Why Does the County Commission Have Student Assignment on its Upcoming Agenda?

Rumors suggest their goal is to delay the student assignment plan
Desk Jjthompson450
JJ Thompson via Unsplash

First, I need to be honest. My confidence in the commissioners is a little low these days.

On the heels of several school-related blunders – like refusing to put school bonds to a vote –  the Board of County Commissioners voted for their own pay raises in an election year when most of them are running unopposed.

Then recently, a couple of commissioners felt the need to weigh in on the school board’s decision to add a student member to its ranks. For example, Commissioner Jim Puckett revealed that he’s been young before, so he doesn’t see how a student’s perspective would add value. Which makes sense since being young today is exactly like it was when Puckett was young.

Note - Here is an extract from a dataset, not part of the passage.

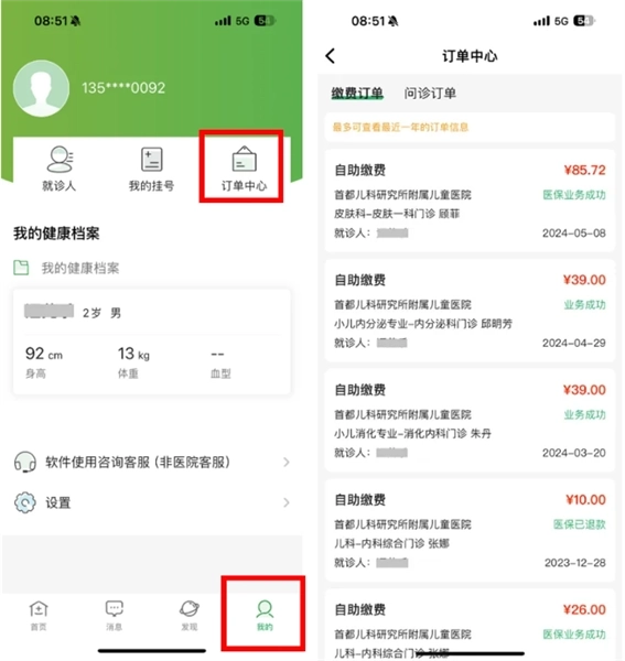 在“我的-订单中心”中查看订单详情,包含挂号、缴费、快递物流信息等。
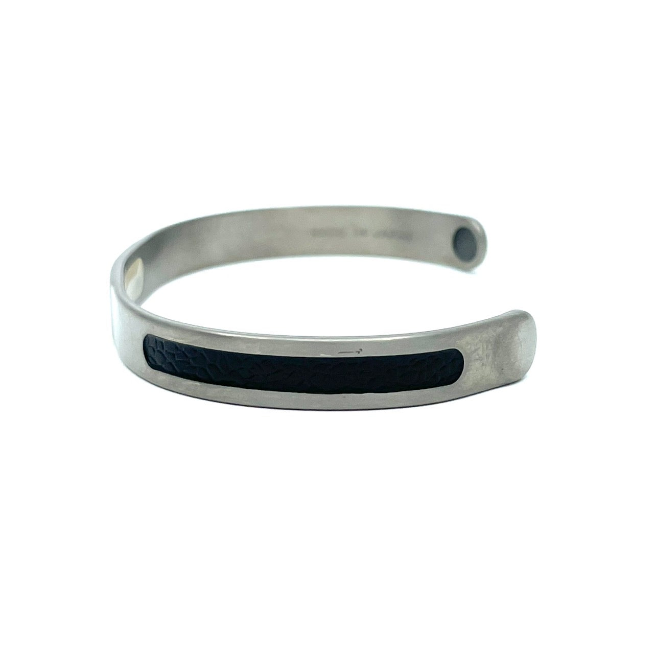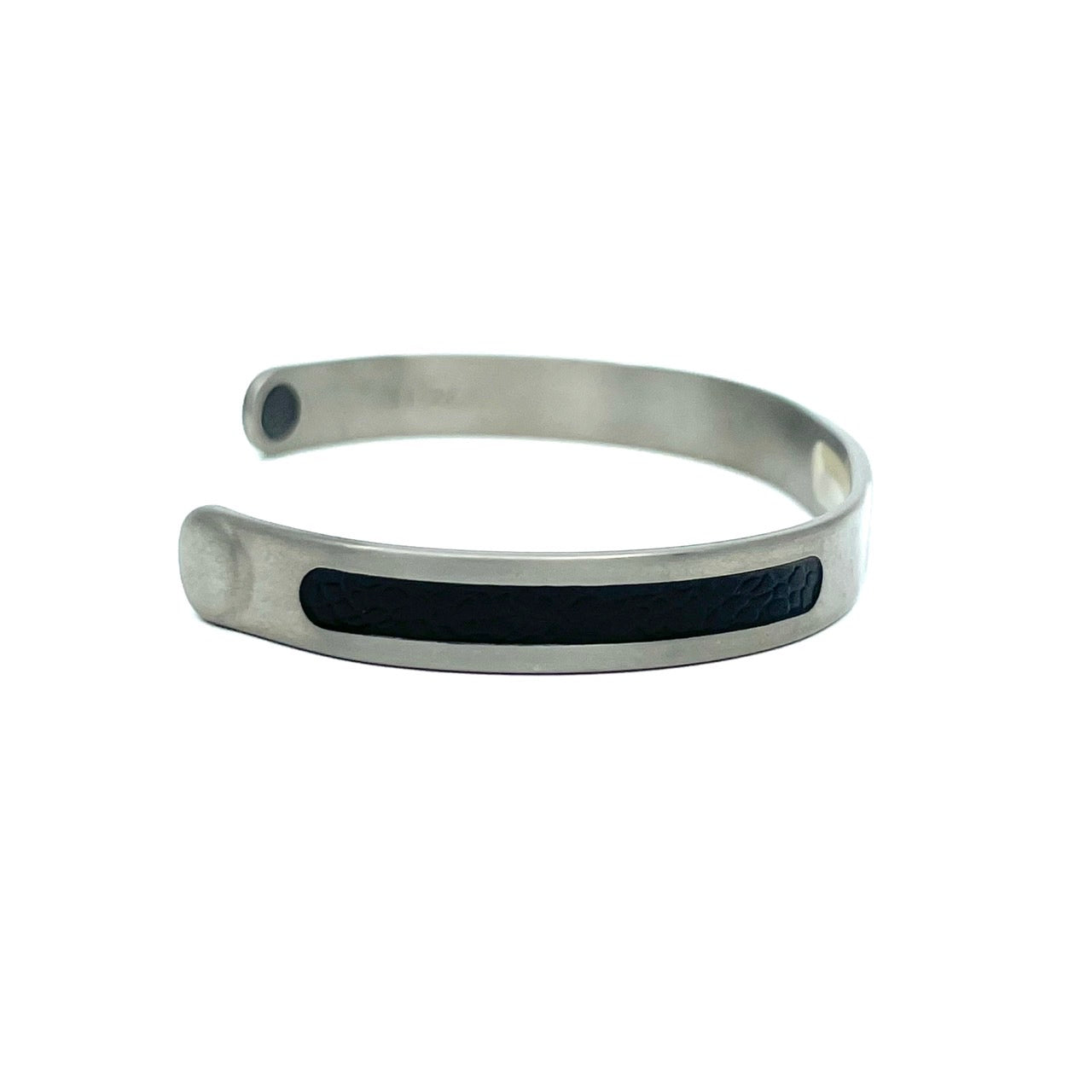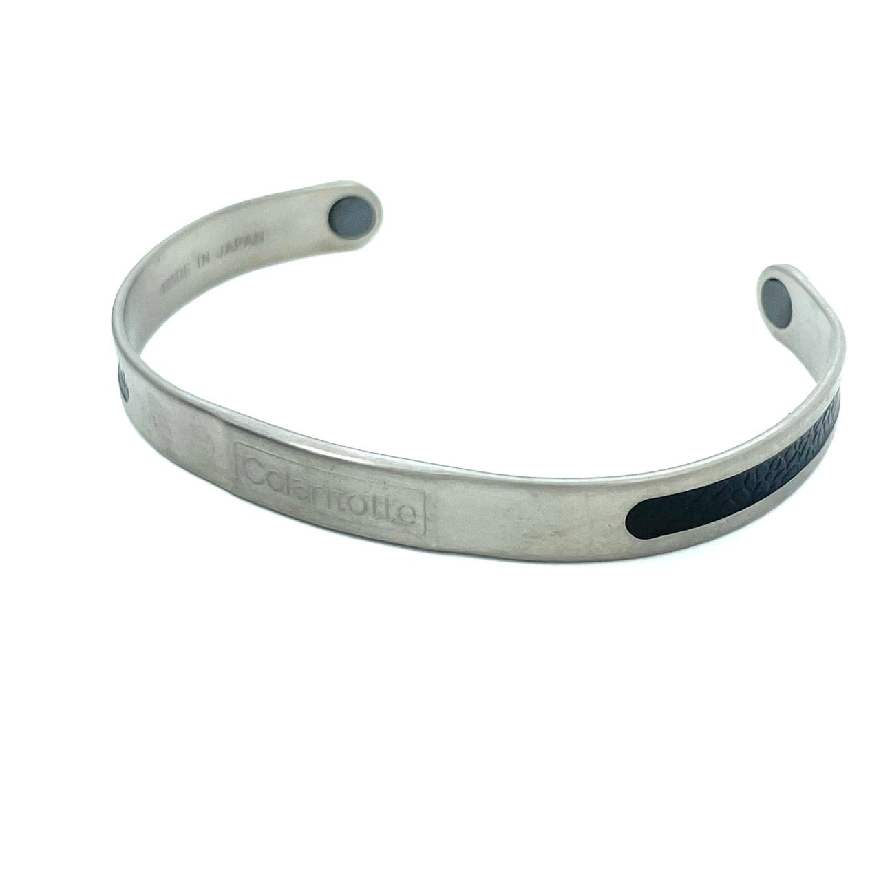 美品 ColanTotte コラントッテ ブレスレット バングル シルバーカラー マグチタン ブラック 黒 アクセサリー メンズ I1

The commissioners have added student assignment to their agenda for the regular meeting on Tuesday, November 1.

But why?

During the last school board meeting on Tuesday, October 25, the Board of Education praised the county commissioners for providing funds for school nurses and mental health professionals, and they noted that some of what the district has proposed to do in the coming years would be dependent upon a successful bond vote, which of course requires the county’s cooperation.

None of this is surprising; in fact, it’s just a reiteration of how our process works: The school district provides a report outlining its needs and proposed course of action, and the Board of Education votes on that proposal. If approved, the Board of County Commissioners takes up the matter, since they hold the purse strings.

The question for me, though, is why the commissioners feel it necessary – or, quite frankly, even appropriate – to take up the matter of school assignment before the Board of Education has voted on the district’s proposal.

My worry is that the commissioners will show up, once again, as unnecessary impediments to the very real educational needs of our community.

I hope they prove my skepticism wrong; I really do. But what frustrates me most is that there’s not a whole lot we can do to hold them accountable at the voting booth if they don’t.